Since October, I have blended 3 eggs (70 cal ea0 in olive oil (120 cal/teaspn), instant oatmeal (different flavors @ 130-150 cals), Nepro nutriental drink (475 cal), carnation instant brkfast (220 cal w/cup of milk). EVERYDAY. I dont taste much, but its easy to drink and has lots of calories. I'm waiting to eat solids again.

Snacks is four scoops of vanilla icecream (180 cal/2 scoops), two packs of instant breakfast (220 cal/pack w/milk) and Nepro nutriental drink (475 cals.

Lunch/Dinner is always large cans of Progressive Soup blended (300-350 cals)

I'm not tired of it yet because it adds up to lots of calories and I'm gaining weight and people are commenting on how good I look.

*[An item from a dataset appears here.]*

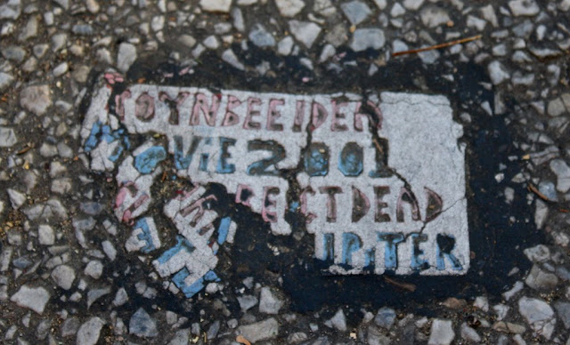 A very interesting one on Broad and Sansom. Different type of terrain than most, and it seems it either needed a different method, or reacted differently to the normal method. The word IDEA can be seen where a missing chunk of the tile would be, either a residue from the chunk or where someone wrote it back in. On the side, it says "YOU MUST LAY TILE ALONE AS HELLiON [tiles in other cities make reference to "HELiON JEWS"] AND FEDS iNFiLTRATE AND HARVEST YOU TO PRiSON"

It feels good and I didn't have to get a peg or tube in my belly.

I am and will continue to pray for your sister because it sounds like shes in a tough spot. I encourage you to stay on her though. Reminding her that this is a fight for her life and that you love her and want to spend lots of more years with her. My youngest brother has been a TREMENDOUS help to me. Words can't even explain, its as if the disease was his and it has help me so much.

My prayers are with and for you. I believe God is listening to not only me but He also sees your heart and care for your sister. He'll answer. So you be encourage as well.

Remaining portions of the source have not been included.